Data entries:
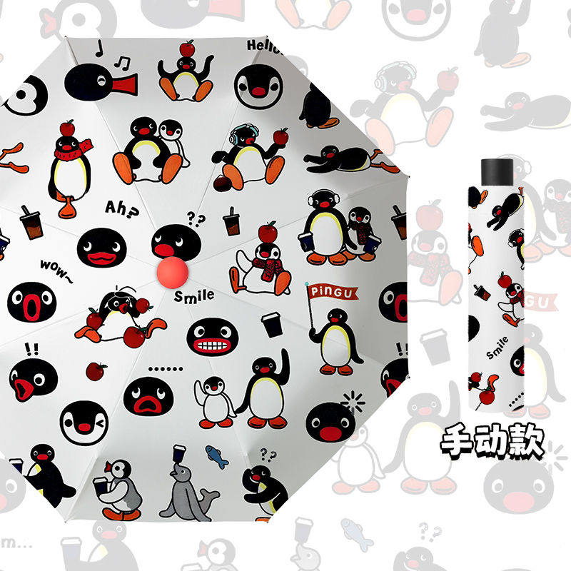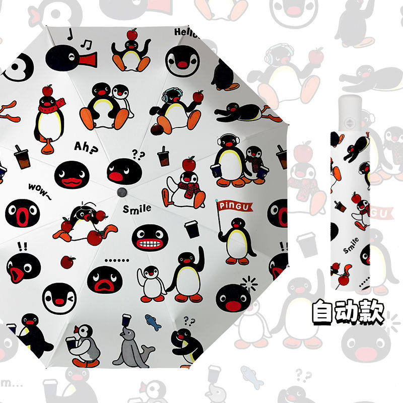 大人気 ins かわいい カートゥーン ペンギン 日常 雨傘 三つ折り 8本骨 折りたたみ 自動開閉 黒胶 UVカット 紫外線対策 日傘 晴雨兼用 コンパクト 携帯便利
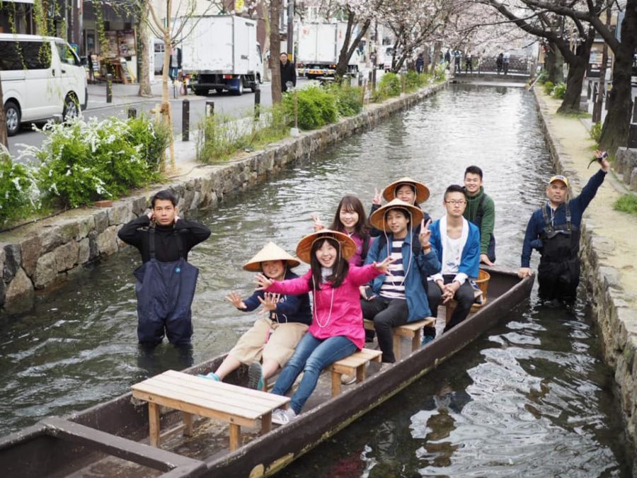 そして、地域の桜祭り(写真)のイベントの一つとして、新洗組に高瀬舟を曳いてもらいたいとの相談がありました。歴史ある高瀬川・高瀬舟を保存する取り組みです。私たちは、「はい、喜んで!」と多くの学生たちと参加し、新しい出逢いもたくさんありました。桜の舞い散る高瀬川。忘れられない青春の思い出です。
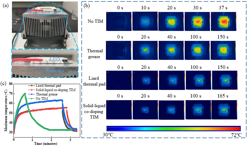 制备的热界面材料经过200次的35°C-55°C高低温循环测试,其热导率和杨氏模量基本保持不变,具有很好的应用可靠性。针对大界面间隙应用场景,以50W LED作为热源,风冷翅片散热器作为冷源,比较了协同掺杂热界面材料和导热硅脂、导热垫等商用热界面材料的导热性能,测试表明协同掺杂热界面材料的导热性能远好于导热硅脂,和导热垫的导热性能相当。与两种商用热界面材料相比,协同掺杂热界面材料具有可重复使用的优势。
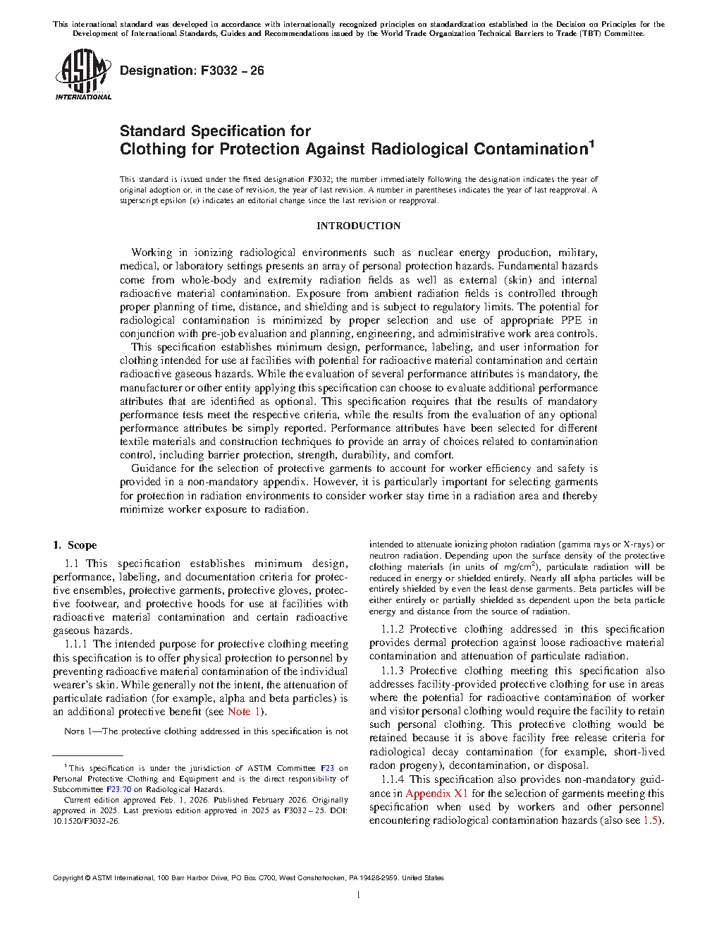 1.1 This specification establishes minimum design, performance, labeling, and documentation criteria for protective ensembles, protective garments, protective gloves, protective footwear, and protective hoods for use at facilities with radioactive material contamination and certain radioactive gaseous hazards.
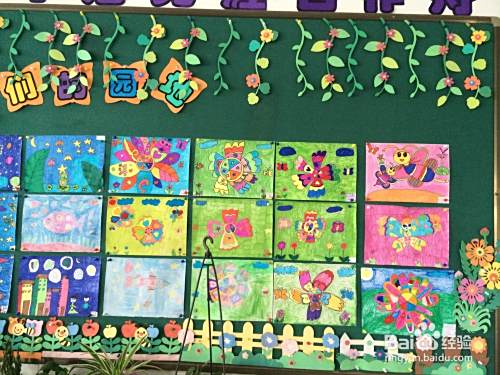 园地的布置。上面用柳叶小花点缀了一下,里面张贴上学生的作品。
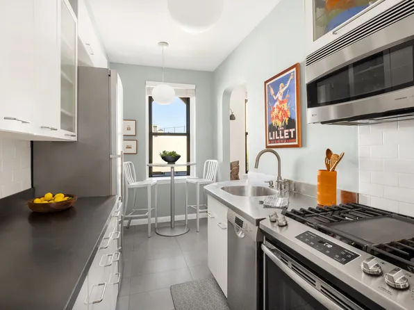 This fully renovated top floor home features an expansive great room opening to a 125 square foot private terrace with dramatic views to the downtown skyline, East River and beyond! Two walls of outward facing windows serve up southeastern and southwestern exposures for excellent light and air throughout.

> [INSTRUCTIONS FOR THE TASK]
Every line of the data above is to be set down word for word, with the pictures left out.

> [ANSWER TO THE EXERCISE]
 大人気 ins かわいい カートゥーン ペンギン 日常 雨傘 三つ折り 8本骨 折りたたみ 自動開閉 黒胶 UVカット 紫外線対策 日傘 晴雨兼用 コンパクト 携帯便利
 そして、地域の桜祭り(写真)のイベントの一つとして、新洗組に高瀬舟を曳いてもらいたいとの相談がありました。歴史ある高瀬川・高瀬舟を保存する取り組みです。私たちは、「はい、喜んで!」と多くの学生たちと参加し、新しい出逢いもたくさんありました。桜の舞い散る高瀬川。忘れられない青春の思い出です。
 制备的热界面材料经过200次的35°C-55°C高低温循环测试,其热导率和杨氏模量基本保持不变,具有很好的应用可靠性。针对大界面间隙应用场景,以50W LED作为热源,风冷翅片散热器作为冷源,比较了协同掺杂热界面材料和导热硅脂、导热垫等商用热界面材料的导热性能,测试表明协同掺杂热界面材料的导热性能远好于导热硅脂,和导热垫的导热性能相当。与两种商用热界面材料相比,协同掺杂热界面材料具有可重复使用的优势。
 1.1 This specification establishes minimum design, performance, labeling, and documentation criteria for protective ensembles, protective garments, protective gloves, protective footwear, and protective hoods for use at facilities with radioactive material contamination and certain radioactive gaseous hazards.
 园地的布置。上面用柳叶小花点缀了一下,里面张贴上学生的作品。
 This fully renovated top floor home features an expansive great room opening to a 125 square foot private terrace with dramatic views to the downtown skyline, East River and beyond! Two walls of outward facing windows serve up southeastern and southwestern exposures for excellent light and air throughout.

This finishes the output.